Reasons for new version:
Version 2.49s of HFODD provides a number of new options such as the isospin mixing and projection of the Skyrme functional, the finite-temperature HF and HFB formalism and optimized methods to perform multi-constrained calculations. It is also the first version of HFODD to contain threading and parallel capabilities.

Summary of revisions:
  1. Isospin mixing and projection of the HF states has been implemented.
  2. The finite-temperature formalism for the HFB equations has been implemented.
  3. The Lipkin translational energy correction method has been implemented.

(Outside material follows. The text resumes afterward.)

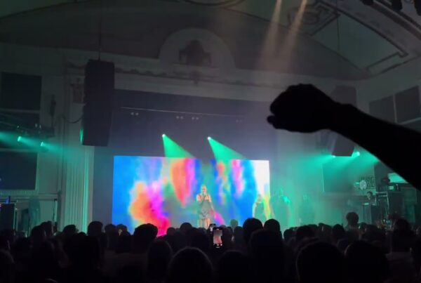 - Technical Mastery on Tour: Our Technicians managed the delicate calibration and geometry correction required for a touring projection setup, ensuring a seamless, high-definition “wash” that maintained its impact regardless of the venue’s house lighting or throw distance.

  4. Calculation of the shell correction has been implemented.
  5. The two-basis method for the solution to the HFB equations has been implemented.
  6. The Augmented Lagrangian Method (ALM) for calculations with multiple constraints has been implemented.
  7. The linear constraint method based on the cranking approximation of the RPA matrix has been implemented.
  8. An interface between HFODD and the axially-symmetric and parity-conserving code HFBTHO has been implemented.
  9. The mixing of the matrix elements of the HF or HFB matrix has been implemented.
  10. A parallel interface using the MPI library has been implemented.
  11. A scalable model for reading input data has been implemented.
  12. OpenMP pragmas have been implemented in three subroutines.
  13. The diagonalization of the HFB matrix in the simplex-breaking case has been parallelized using the ScaLAPACK library.
  14. Several little significant errors of the previous published version were corrected.

Running time:
In serial mode, running 6 HFB iterations for 152Dy for conserved parity and signature symmetries in a full spherical basis of N = 14 shells takes approximately 8 minutes on a AMD Opteron processor at 2.6GHz, assuming standard BLAS and LAPACK libraries. As a rule of thumb, runtime for HFB calculations for parity and signature conserved symmetries roughly increases as N7, where N is the number of full HO shells. Using custom-built optimized BLAS and LAPACK libraries (such as in the ATLAS implementation) can bring down the execution time by 60%. Using the threaded version of the code with 12 threads and threaded BLAS libraries can bring an additional factor 2 speed-up, so that the same 6 HFB iterations now take of the order of 2 mins 30 seconds.